Solution¶

Triage¶

Check CoreDNS pod count and resource usage:

kubectl get pods -n kube-system -l k8s-app=kube-dns
kubectl top pods -n kube-system -l k8s-app=kube-dns

Inspect a pod's DNS configuration:

kubectl exec <pod-name> -- cat /etc/resolv.conf

Check CoreDNS logs for errors:

kubectl logs -n kube-system -l k8s-app=kube-dns --tail=50

Test DNS from inside a pod:

kubectl exec <pod-name> -- nslookup api.stripe.com
kubectl exec <pod-name> -- nslookup kubernetes.default.svc.cluster.local

Root Cause¶

Two compounding issues:

Undersized CoreDNS. Only 2 replicas serve 200+ pods. Under peak load, the CoreDNS pods cannot process queries fast enough, leading to timeouts.
ndots:5 query amplification. The default Kubernetes resolv.conf sets ndots:5, meaning any name with fewer than 5 dots is treated as a relative name. For a lookup of api.stripe.com (2 dots), the resolver tries:
api.stripe.com.prod.svc.cluster.local
api.stripe.com.svc.cluster.local
api.stripe.com.cluster.local
api.stripe.com (finally, the actual FQDN)

Each attempt generates both A and AAAA queries. One application DNS lookup becomes 8 queries to CoreDNS.

Fix¶

Immediate (reduce load):

Scale CoreDNS:

kubectl scale deployment coredns -n kube-system --replicas=5

Increase CoreDNS resource limits:

kubectl patch deployment coredns -n kube-system -p '{"spec":{"template":{"spec":{"containers":[{"name":"coredns","resources":{"limits":{"cpu":"500m","memory":"256Mi"},"requests":{"cpu":"200m","memory":"128Mi"}}}]}}}}'

Medium-term (reduce query volume):

For pods making heavy external DNS calls, set dnsConfig to reduce ndots:

spec:
  dnsConfig:
    options:
    - name: ndots
      value: "2"

Use trailing dots in application configuration for known external hosts:
```
API_HOST=api.stripe.com.
```

Long-term (architectural):

Deploy NodeLocal DNSCache:

kubectl apply -f https://raw.githubusercontent.com/kubernetes/kubernetes/master/cluster/addons/dns/nodelocaldns/nodelocaldns.yaml

This runs a caching DNS agent on every node, dramatically reducing traffic to CoreDNS.

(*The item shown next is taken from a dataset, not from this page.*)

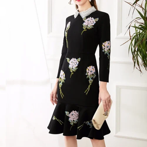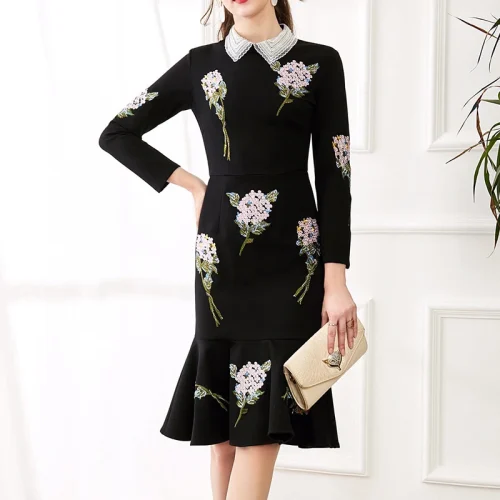 Women’s Heavy Embroidery Long Sleeve Fishtail Slim-Fit Dress European Station Floral Pattern Extra Size Available

Set up CoreDNS autoscaling with the cluster-proportional-autoscaler.

Rollback / Safety¶

Scaling CoreDNS up is safe and immediate. Scaling down should be done gradually while monitoring error rates.
Changing ndots affects how internal service names are resolved. Test thoroughly: my-service (no dots) still needs search domains.
NodeLocal DNSCache uses iptables rules to redirect DNS traffic. Test in staging first.

Common Traps¶

Assuming DNS issues are network issues. Packet loss symptoms can be DNS timeout symptoms. Always check DNS first.
Setting ndots to 1. This breaks multi-segment service names like my-service.other-namespace. Use ndots:2 as a safe minimum.
Ignoring AAAA queries. Even if your cluster is IPv4-only, glibc sends AAAA queries by default. This doubles the DNS load. Consider single-request-reopen in dnsConfig options.
Not monitoring CoreDNS. Enable the Prometheus plugin in the Corefile and set up alerts on query latency and error rates.
Enabling the log plugin in CoreDNS production. This logs every query and can itself cause performance degradation.